Like removing caffeine or alcohol from a diet, after I had eliminated all high-fructose corn syrup from my diet the effect of it became even more pronounced. Very soon after high-fructose corn syrup now I notice a significant negative effect on mental acuity. Taubes points out a difference in “chronic toxins” and “acute toxins”. With that in mind it seems I treat high-fructose corn syrup as acute and other forms of sugar as chronic.

At the same time, despite all the non-fat marketing and advice, I have not found any link from the fat in nuts, vegetables and meat to obesity. I never accepted skim or low-fat milk as a step to health. It simply does not make sense to me and I have never noticed that effect. This is raised by Taubes as well.

…many of the key observations cited to argue that dietary fat caused heart disease actually support the sugar theory as well. During the Korean War, pathologists doing autopsies on American soldiers killed in battle noticed that many had significant plaques in their arteries, even those who were still teenagers, while the Koreans killed in battle did not.
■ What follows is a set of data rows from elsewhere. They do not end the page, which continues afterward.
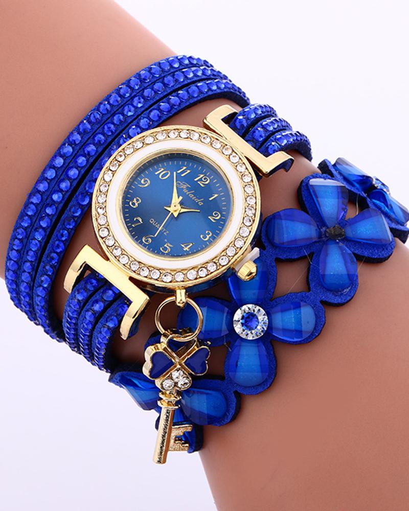 1pc Rhinestone Floral Pattern Key Pendent Bangle Quartz Watch, Blue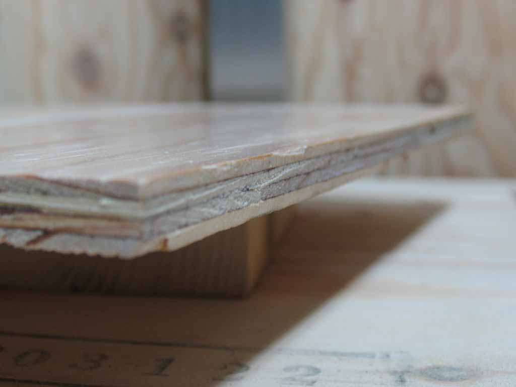 針葉樹合板の端材を2枚新たに用意しました。どちらも気持ち念入りにサンディングしています。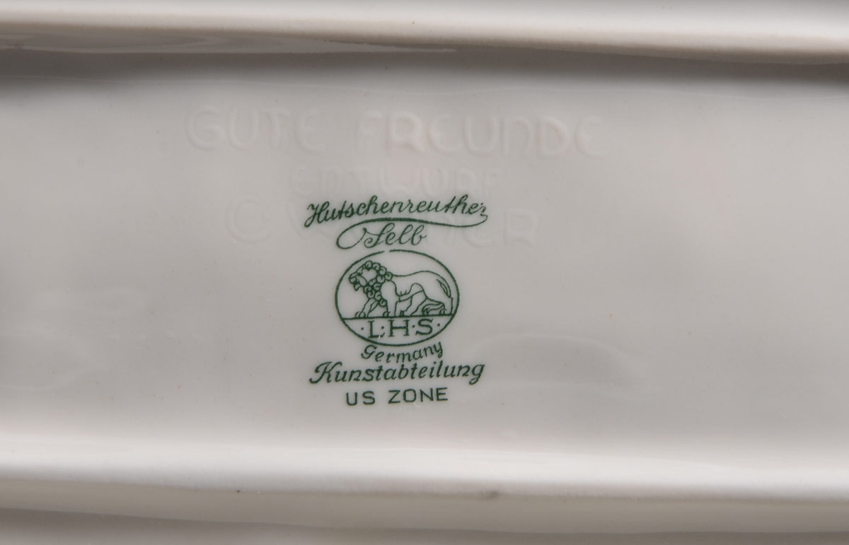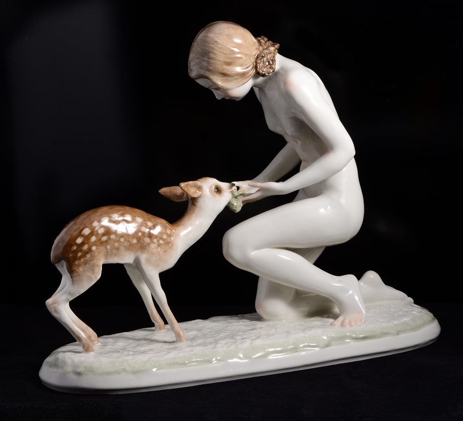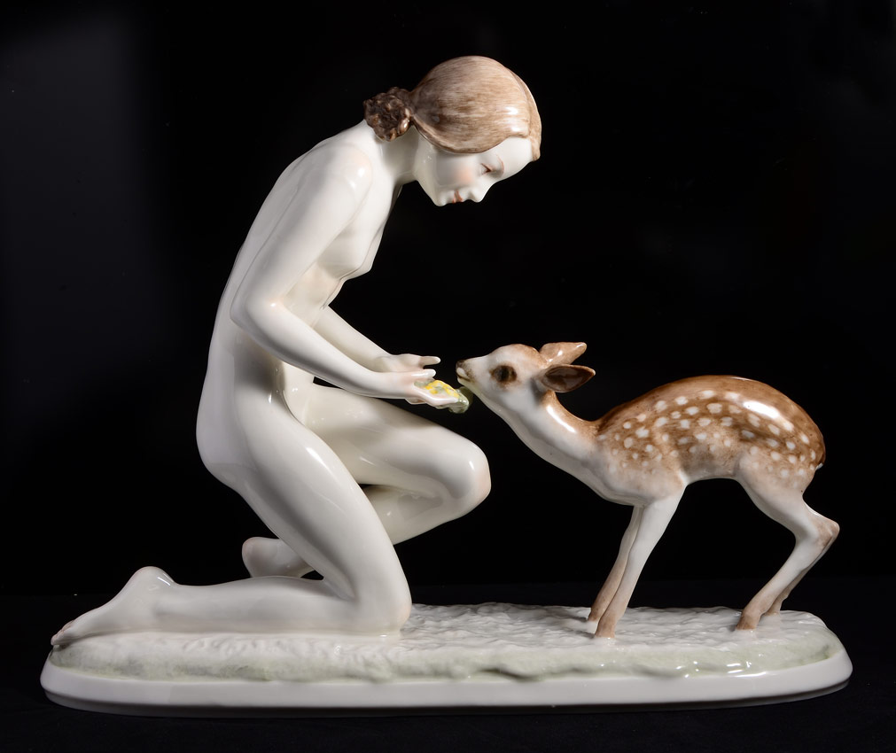 HUTSCHENREUTHER FIGURE OF NUDE MAIDEN WITH DEER: Figure of a nude kneeling maiden feeding a fawn, designed by Gute Freunde, marked on base. Overall measures 9 3/4'' h. x 12 1/2'' x 4 1/2''

The atherosclerotic plaques in the Americans were attributed to the fact that they ate high-fat diets and the Koreans ate low-fat. But the Americans were also eating high-sugar diets, while the Koreans, like the Japanese, were not.

Strange that is taking so long for nutritionists to move ahead and advance their research and understanding of risks. Apparently there is very little work done in America on clinical trials that would help understand sugar and high-fructose corn syrup. That makes risk management far more difficult for consumers than necessary or safe. It is like being told to run a network without the means to look at the logs for breaches or inspect any traffic for malicious code.